7-[(Diethylamino)methyl]-8-hydroxy-1-naphthaldehyde (9b): Compound 8b (0.04 g, 0.13 mmol) was dissolved in a mixture of 10% aq HCl (10 mL) and THF (10 mL) and heated under reflux for 1 h. After cooling, 10% aq K2CO3 was added dropwise to the reaction mixture until pH 5, followed by extraction with Et2O (3 × 10 mL). The combined organic extracts were dried (Na2SO4), filtered and concentrated in vacuo. The crude material was purified by crystallisation from hexane-EtOAc (6:1) to give colourless microcrystals; yield: 26 g (88%); mp 128-130 ˚C; R f 0.54 (hexane-Et2O, 3:2).
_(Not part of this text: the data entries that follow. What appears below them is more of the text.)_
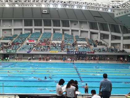 準備運動を終え、子どもたちはいまプール内でアップを行っています。
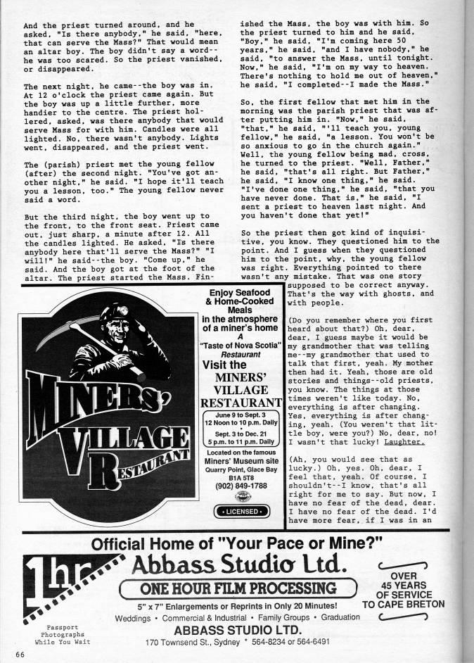 Published by Ronald Caplan on 1991/6/1 (178 reads)And the priest turned around, and he asked, "Is there anybody," he said, "here, that can serve the Mass?" That would mean an altar boy. The boy didn't say a word-- he was too scared. So the priest vanished, or disappeared. The next night, he came--the boy was in. At 12 o'clock the priest came again. But the boy was up a little further, more handier to the centre. The priest hol? lered, asked, was there anybody that would serve Mass for with him. Candles were all lighted. No. there wasn't anybody. Lights went, disappeared, and the priest went. The (parish) priest met the young fellow (after) the second night. "You've got an? other night." he said. "I hope it'll teach you a lesson, too." The young fellow never said a word. But the third night, the boy went up to the front, to the front seat. Priest came out, just sharp, a minute after 12. All the candles lighted. He asked. "Is there anybody here that'll serve the Mass?" "I will!" he said--the boy. "Come up." he said. And the boy got at the foot of the altar. The priest started the Mass. Fin? ished the Mass. the boy was with him. So the priest turned to him and he said, "Boy," he said. "I'm coming here 50 years," he said, "and I have nobody," he said, "to answer the Mass. until tonight. Now," he said, "I'm on my way to heaven. There's nothing to hold me out of heaven," he said, "I completed--! made the Mass." So, the first fellow that met him in the morning was the parish priest that was af? ter putting him in. "Now," he said, "that," he said, "'11 teach you, young fellow," he said, "a lesson. You won't be so anxious to go in the church again." Well, the young fellow being mad, cross, he turned to the priest. "Well, Father," he said, "that's all right. But Father," he said, "I know one thing," he said. "I've done one thing," he said, "that you have never done. That is," he said, "I sent a priest to heaven last night. And you haven't done that yet!" So the priest then got kind of inquisi? tive, you know. They questioned him to the point. And I guess when they questioned him to the point, why, the young fellow was right. Everything pointed to there wasn't any mistake. That was one story supposed to be correct anyway. That's the way with ghosts, and with people. Enjoy Seafood & Home-Cooked Meals in the atmosphere of a miner's home A "Taste of Nova Scotia' Restaurant Visit the MINERS' VILLAGE RESTAURANT June 9 to Sept. 3 12 Noon to 10 p.m. Daily Sept. 3 to Dec. 21 5 p.m. to 11 p.m. Dally Located on the famous l/liners' l/luseum site Quarry Point, Glace Bay B1A5T8 (902) 849-1788 a D (Do you remember where you first heard about that?) Oh, dear, dear, I guess maybe it would be my grandmother that was telling me--my grandmother that used to talk that first, yeah. My mother then had it. Yeah, those are old stories and things--old priests, you know. The things at those times weren't like today. No, everything is after changing. Yes, everything is after chang? ing, yeah. (You weren't that lit? tle boy, were you?) No, dear, no! I wasn't that lucky! Laughter. (Ah, you would see that as lucky.) Oh, yes. Oh, dear, I feel that, yeah. Of course, I shouldn't--! know, that's all right for me to say. But now, I have no fear of the dead, dear. I have no fear of the dead. I'd have more fear, if I was in an Official Home of "Your Pace or Mine?" Abhass Studla Ltde ( ONE HOUR FILM PROCESSniG' ot'sfR'v'Ici OVER Passport Photographs While You Wait SERVICE 5" X 7" Enlargements or Reprints in Only 20 Minutes! TO CAPE BRETON Weddings • Commercial & Industrial • Family Groups Graduation ABBASS STUDIO LTD. 170 Townsend St., Sydney * 564-8234 or 564-6491 66
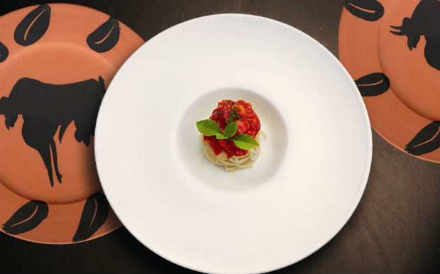 H εμπειρία στο νέο gourmet εστιατόριο “Minotaur” δεν έχει σχέση μόνο με τη γεύση. Είναι ένας χώρος τέχνης, ιστορίας, έμπνευσης. Η σύνδεση του με το Παλάτι του Μίνωα στην Κνωσό, που απέχει μόλις λίγα χιλιόμετρα από το ξενοδοχείο, αποτέλεσε το έναυσμα για να αγοραστούν πρόσφατα από διεθνή δημοπρασία, τα έργα κεραμικής του Pablo Picasso, τα οποία δημιουργούσε επί 25 χρόνια. Ο Picasso ζωγράφιζε τον εαυτό του ως Μινώταυρο, το μυθικό τέρας με όψη μισού ανθρώπου, μισού ταύρου, δημιουργώντας μια εκπληκτική συλλογή από αυθεντικά κεραμικά
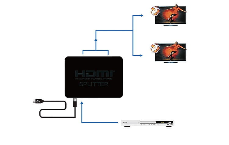 Splitter HDMI 1x2 umożliwia klonowanie obrazu z dźwiękiem na 2 różne wyświetlacze
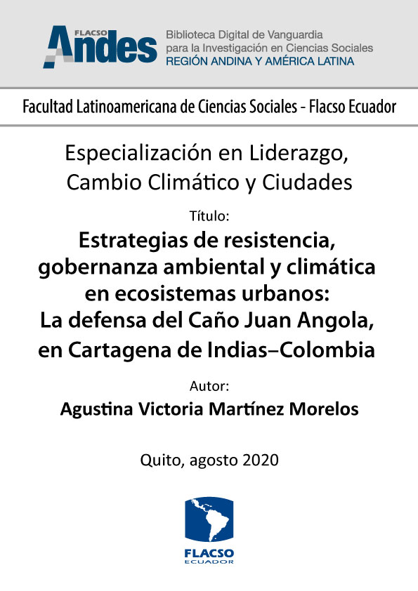 Martínez Morelos, Agustina Victoria. 2020. Estrategias de resistencia, gobernanza ambiental y climática en ecosistemas urbanos: La defensa del Caño Juan Angola, en Cartagena de Indias–Colombia. Tesina de especialización, Flacso Ecuador.
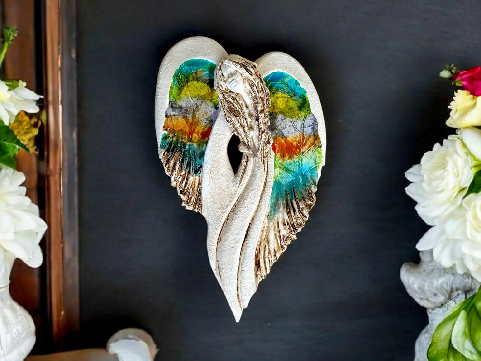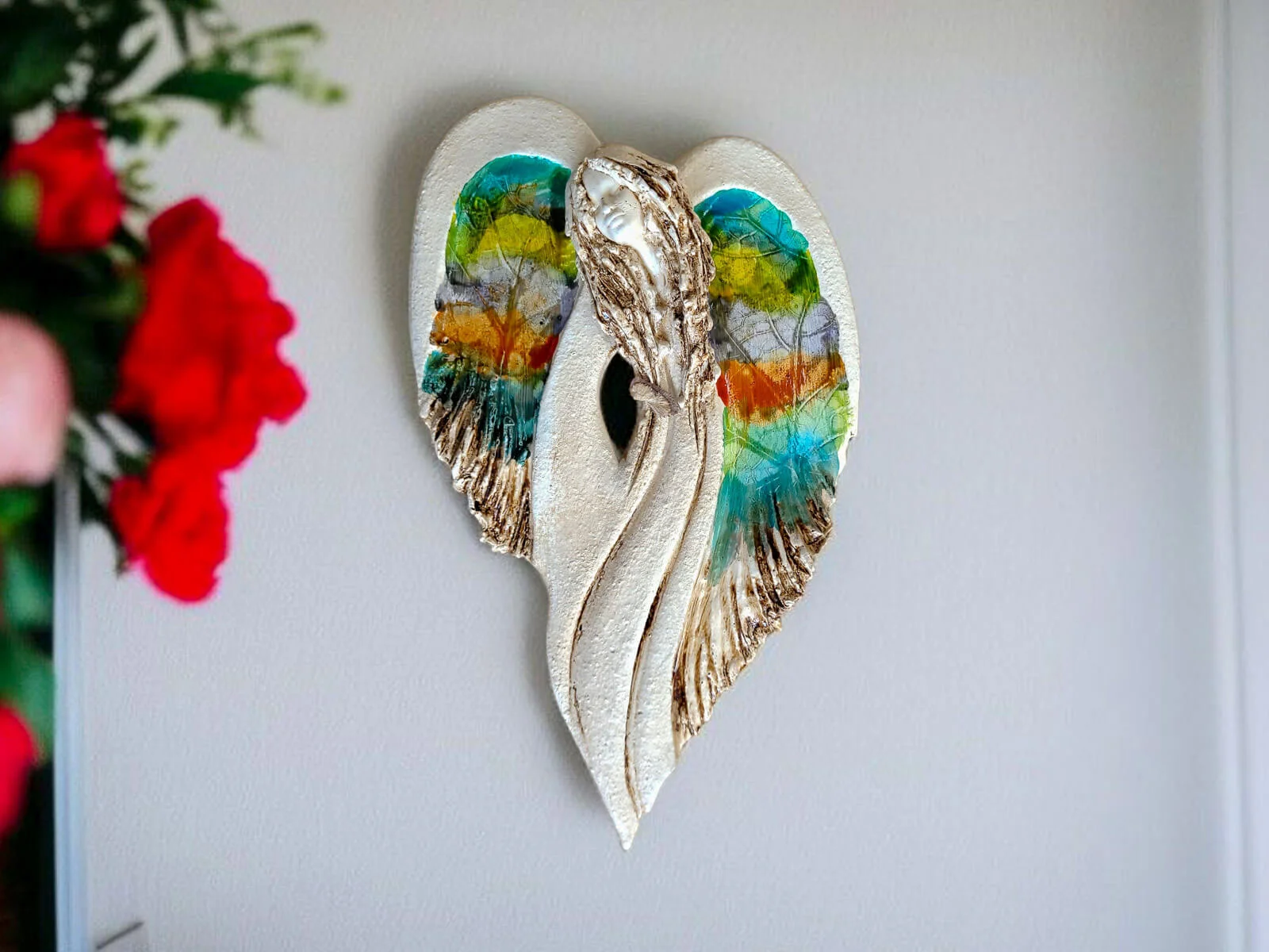 Unikalny anioł Cynthia z kolekcji Art Leaf z wzorami prawdziwych liści. Jedyna sztuka z tym wzorem. Wyjątkowa uroda, ujmująca delikatność, wielka wrażliwość, kwintesencja kobiecości, pełna miłości, porywająca, a jednocześnie zapewniająca spokój. Zobacz jak pięknie chroni miłość, jak dba i troszczy się o Ciebie i Twoich bliskich, opiekuje, obdarza wiarą dającą siłę, rozlewa radość do każdego zakątka mieszkania, przepełnia je dobrocią, sercem pełnym nadziei, sprawia, że miłość dwojga ludzi jest spokojną przystanią.
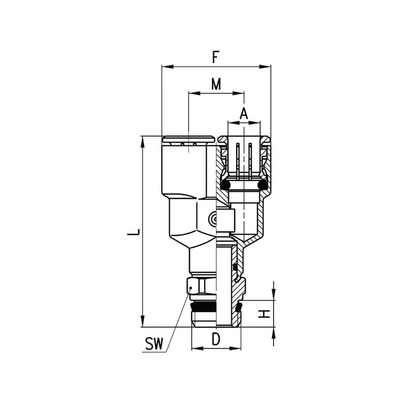 SW1 jungtis, veržliarakčio dydis14,0 mm
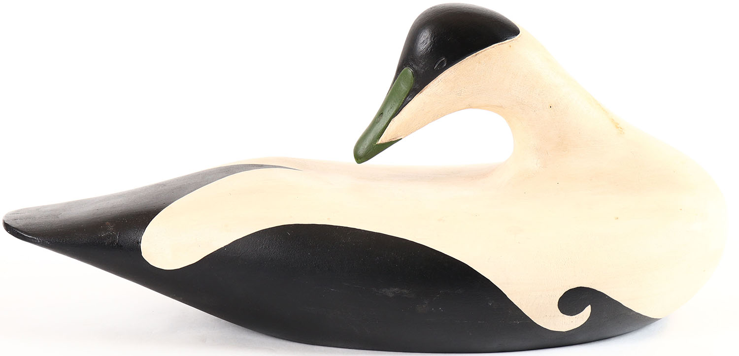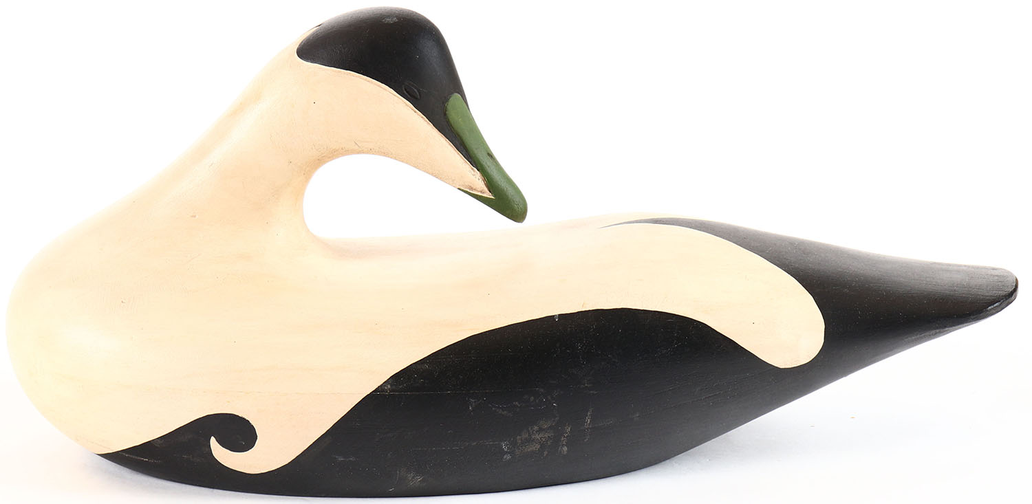 Preening Eider By unknown maker, carved eyes, solid wood, original paint, structurally excellent. Grade: Excellent + - Value: 20 to 40

IR (KBr): 3335, 1710 cm. ¹H NMR (400 MHz, CDCl3): δ = 1.26 (t, J = 7.2 Hz, 6 H), 3.52 (q, J = 7.2 Hz, 4 H), 3.84 (s, 2 H), 7.25-8.10 (m, 5 H), 9.93 (s, 1 H), 11.85 (br s, 1 H). ¹³C NMR (100 MHz, CDCl3): δ = 41.39, 41.90, 117.54, 124.56, 131.59, 136.89, 192.12. ES-MS: m/z = 258.12 [M + 1]+. Anal. Calcd for C16H19NO2: C, 74.68; H, 7.44; N, 5.44. Found: C, 74.49; H, 7.31; N, 5.26.